I ran different springs on both of my old Cobalts for years with no issues. I always get an alignment after, as well. There's tons of people who just swap springs with no issues down the road. I'm not dropping it then going off-roading.

Keep in mind, I MAY drive 4K miles a year....at the most. I traded in my last car that was 6 years old with 22K on it.


----------



## KOBALT (Nov 19, 2013)

XtremeRevolution said:


> How low it will go depends on the engine. Since they didn't create different spring rates for every car, your results will vary. For example, the ECO's weight is reduced by 220lbs over the LTZ according to some sources. The manual transmission weighs 80lbs less "wet" than the automatic transmission. Also depends on what year your car is, as there was a change in the strut and mount design in December of 2011. I recall one member who literally had his front end slammed from installing eibachs due to this reason.


I know that that say the Eibachs are good for up to the '13 model.
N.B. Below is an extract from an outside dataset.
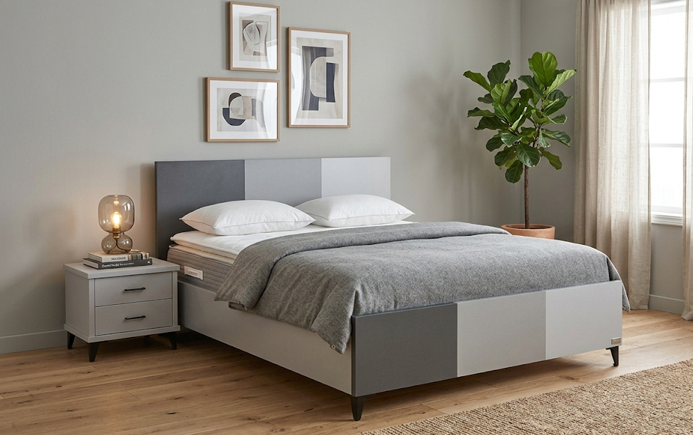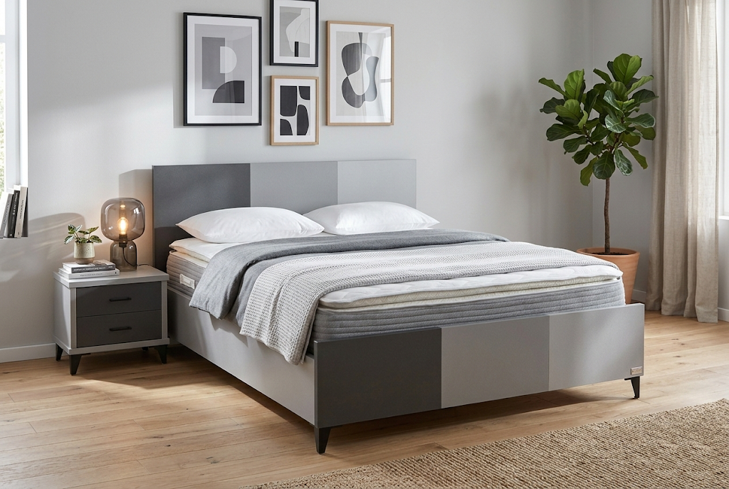 מסגרת המיטה עשויה מלמין 28 ממ שילוב של גווני אפור

So I'm assuming my '14 is good?

BlueAngel's drop with his Eibachs are amazing. I'd love the same results. Just checking on the B&G because I heard they go a bit lower. If I can't find any info, I'll get the Eibachs.

I've seen some B&G's on LT's, but they ride at a different height than the Eco. With those ones, I can't tell that it's lowered at all.

Just wanna weigh my options before clicking the order button.


----------



## SportBilly (Nov 25, 2013)

oh sorry.. i drive 4k miles every 40 days and im not off-roading either.. but im pushing it on turns and shocks get tired over there. then go for eibahs. i liked them but i don't recomend any kind of lowering springs..


----------



## KOBALT (Nov 19, 2013)

I'd love coilovers someday, but springs have done me well in the past. And it's all that I really need at the moment. If I'm gonna drop $1K into coilovers, i'm going to pass and go the extra mile for bags. But that's a loooong ways away.


----------



## SportBilly (Nov 25, 2013)

Bags are for parked cars... In that case I rather stay stock.. Coilovers is the real way to go.. 


Sent from AutoGuide.com Free App


----------



## KOBALT (Nov 19, 2013)

Actually bags are for the opposite. Ya know... because they can be adjusted on the fly rather than parking and cranking each spring with wrenches :/

Sent from AutoGuide.com App


----------



## Danny5 (Dec 22, 2011)

Bags are for groceries. Static is for laundry. Blah blah blah. 

Eat, sleep, mod, repeat. That's my motto!


----------